Basically, all rules of food chemistry blithely tossed out the window. What could possibly go wrong?
So I headed to the kitchen and was soon on a roll. (Heh-heh.)
It didn’t take long to realize this recipe would take longer than five minutes, due to a number of factors:
- I didn't have Greek yogurt. After some hurried Googling suggested this would not be a problem — and, in fact, regular yogurt can produce prettier baked goods — I substituted vanilla Activia.
- Several key ingredients were in grams, which meant dragging out the kitchen scale, weighing the containers used to hold the ingredients and then carefully adding the ingredients to reach the recommended weight. (This alone took five minutes.)
- The flour needed to be heat-treated, as it’s technically a raw product. I wound up dumping the flour in a 2-cup Pyrex measuring cup, covering it with plastic wrap and microwaving it for 80 seconds — removing it every 20 seconds to stir it.
- The flour also needed to be self-rising.
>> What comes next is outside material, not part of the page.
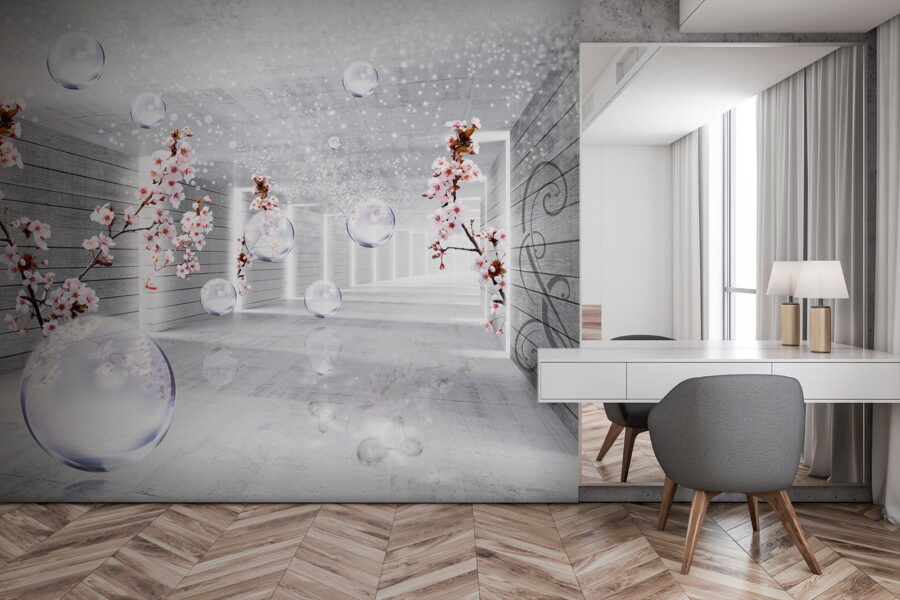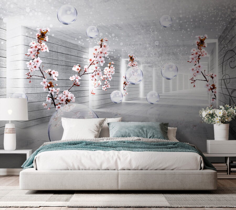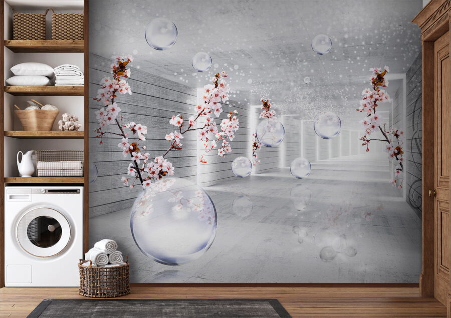 Premeňte svoj priestor s tapetou „Biela izba s kvetmi a bublinkami“. Predstavte si to: jemné okvetné lístky a vznášajúce sa bublinky sa miešajú v pokojnej atmosfére a okamžite zlepšujú náladu. Je to ako vstúpiť do sna! Táto tapeta prináša nával sviežosti a oživuje každú miestnosť, akoby práve zaklopala jar na vaše dvere. Predstavte si, ako popíjate rannú kávu a hľadíte na tieto kvety, ktoré nikdy nezvädnú! Jemné odrazy svetla vytvárajú pokojnú atmosféru, ideálnu na relax po dlhom dni. Či už ide o obývačku, spálňu alebo útulný kútik, táto tapeta dodá eleganciu a náznak fantázie. Tak neváhajte a nechajte svoje steny trochu prehovoriť!

Google helped me make my own by whisking 1 1/2 teaspoons of baking powder and 1/4 teaspoon salt into 1 cup all-purpose flour.
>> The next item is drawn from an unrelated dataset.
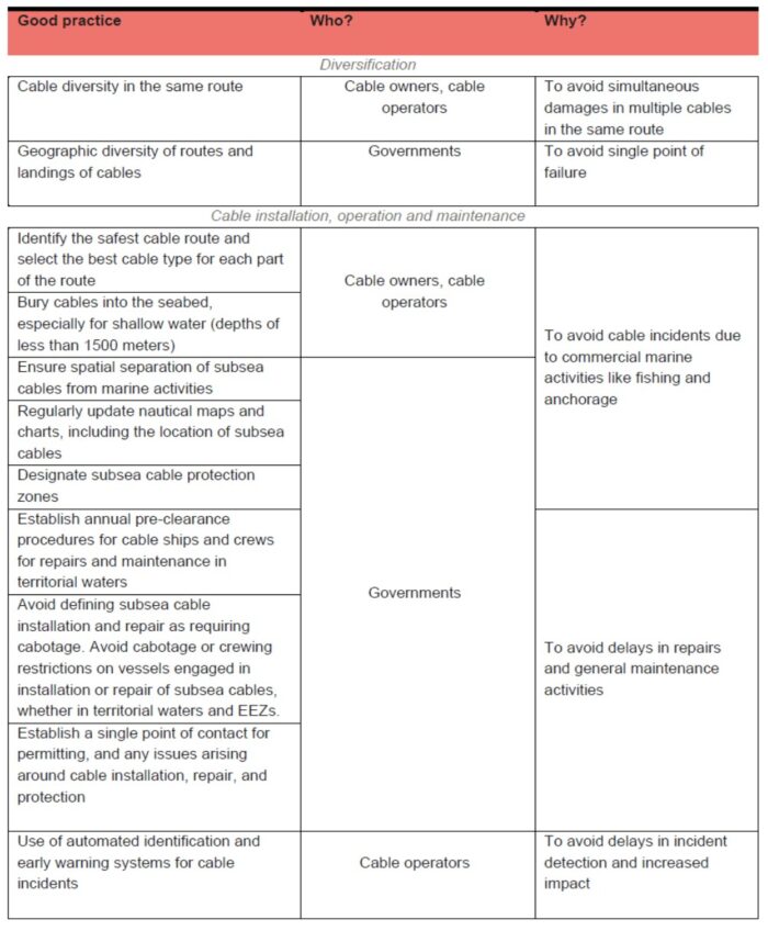 Presently, the Red Sea, the Baltic Sea and the Taiwan Straits have emerged as global hotspots where severe damage to cables has considerably increased, raising suspicions of possible subversive malicious activity. There are several conceivable objectives severing a cable might achieve: cutting off military or government communications in the early stages of a conflict, eliminating internet access for a targeted population, sabotaging an economic competitor, or causing economic disruption for geopolitical purposes. Actors could also pursue several or all of these objectives simultaneously. Without a coordinated security framework, undersea cables are an easy target for sabotage, especially in times of geopolitical tension.

- What with all the heat-treating and the weighing and the melting of butter, this simple recipe still managed to fill the sink with dishes.

Finally, I reached the point of dough return. The recipe instructed me to mix the flour and yogurt together and roll it out into a “rough rectangle shape,” which, in my case, meant “the approximate shape of Idaho."
Then I spread the sugar-cinnamon filling as much as possible, folded the dough and plunked it in a mug.
Head advised bakers to microwave the roll for 1 minute, but noted that her microwave was just 750 watts so people with more powerful appliances might need to adjust.
As it turned out, determining when my insta-roll was done really was the hardest part of the process. For one thing, baked goods don’t brown in the microwave, so the roll basically looked like raw dough with lava-hot cinnamon filling.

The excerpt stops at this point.